Could you transcribe all of the data exactly and skip any pictures?

→ **Dataset extract**:
[Start of Attachment]

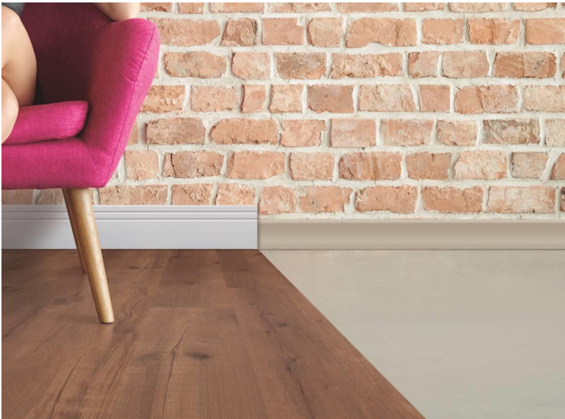
Mudança total: novo rodapé Reveste em harmonia com os pisos Eucafloor

Disponível na cor branca e com frisos, o Reveste tem 12 cm de altura, com área de cobertura de 8,4 cm, ideal para cobrir rodapés tradicionais que possuem altura de até 8 cm. Além disso, é produzido em poliestireno, material 100% reciclável, resistente à água e ao ataque de cupins.
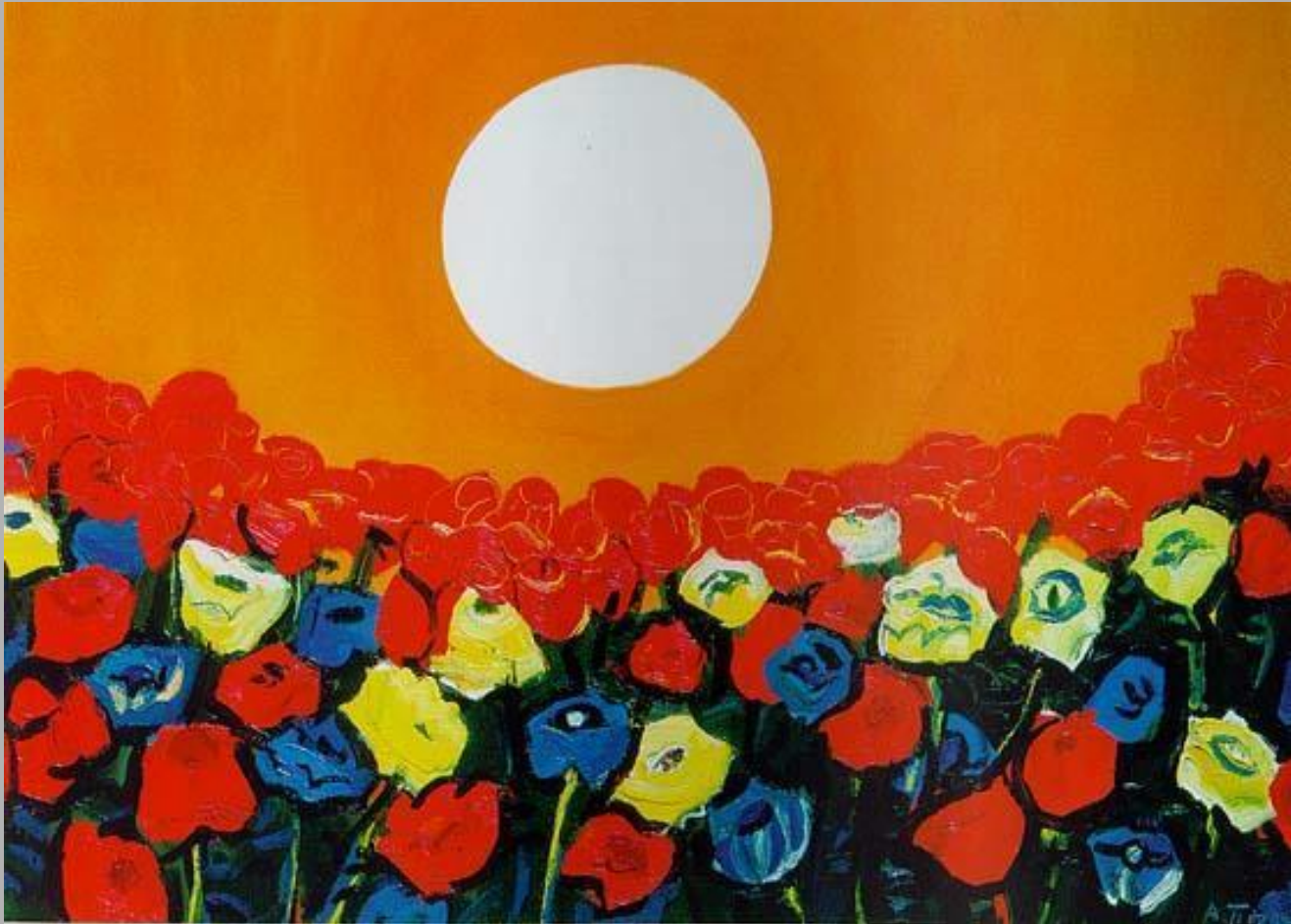
Краски жизни. Цветы и солнце

[End of Attachment]

→ **Answer**:
Mudança total: novo rodapé Reveste em harmonia com os pisos Eucafloor

Disponível na cor branca e com frisos, o Reveste tem 12 cm de altura, com área de cobertura de 8,4 cm, ideal para cobrir rodapés tradicionais que possuem altura de até 8 cm. Além disso, é produzido em poliestireno, material 100% reciclável, resistente à água e ao ataque de cupins.
Краски жизни. Цветы и солнце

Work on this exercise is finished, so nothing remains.